_Task description_:
Line by line, repeat the data below exactly, beginning at the first line and ending at the line with "Tela de motivo". Omit pictures.

_Given information_:
┌──

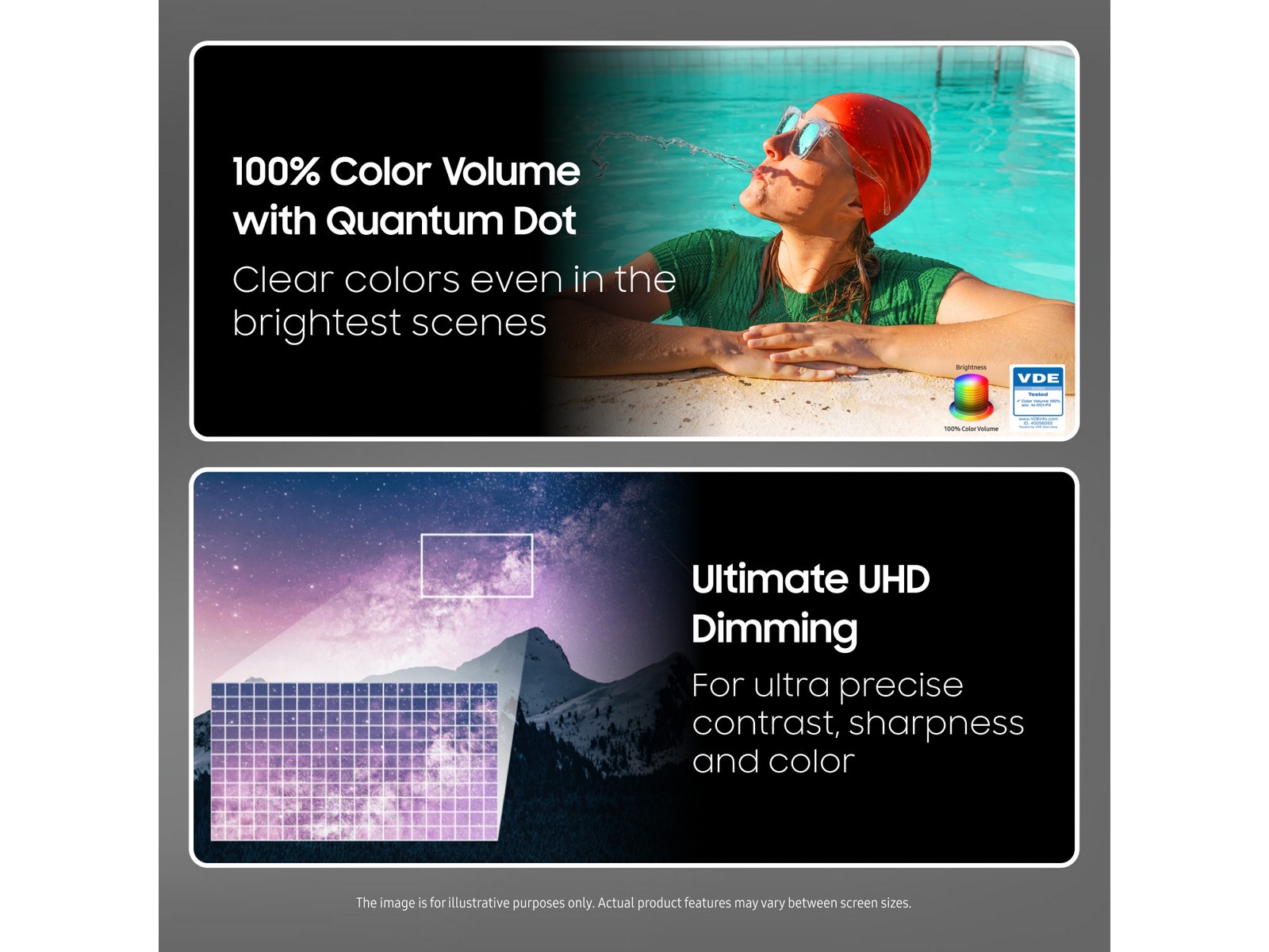 *100% Color Volume by QLED er målt i henhold til DCI-P3-standarden og sertifisert av VDE.
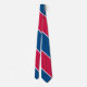 You'll look great in this blue and red-striped tie featuring thin, white stripes.
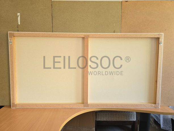 Tela de motivo natureza, de 140cm de comprimento e de 70cm de altura, com estrutura em madeira.
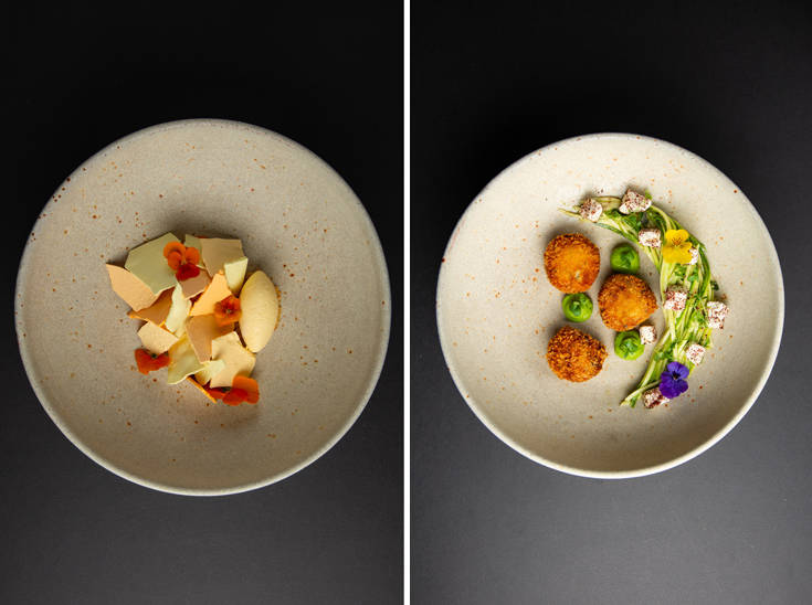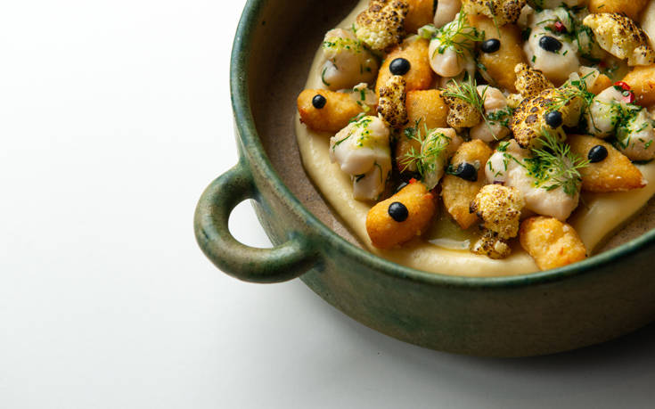 Οι προτάσεις στα ορεκτικά συνεχίζονται με το «Καλαμάρι Σχάρας, με πουρέ μαϊντανόριζας, μπιζέλι, chutney chorizo, γάλα καρύδας και κόλιανδρο», αλλά και με το πολύ διαφορετικό «Σαλάχι με Νιόκι, από μάγουλα από σαλάχι», ενώ στον κατάλογο υπάρχει πάντα η «Ρεβυθάδα με μοσχαρίσιο μεδούλι και καραβίδες».

└──

_Answer_:
 *100% Color Volume by QLED er målt i henhold til DCI-P3-standarden og sertifisert av VDE.
 You'll look great in this blue and red-striped tie featuring thin, white stripes.
 Tela de motivo natureza, de 140cm de comprimento e de 70cm de altura, com estrutura em madeira.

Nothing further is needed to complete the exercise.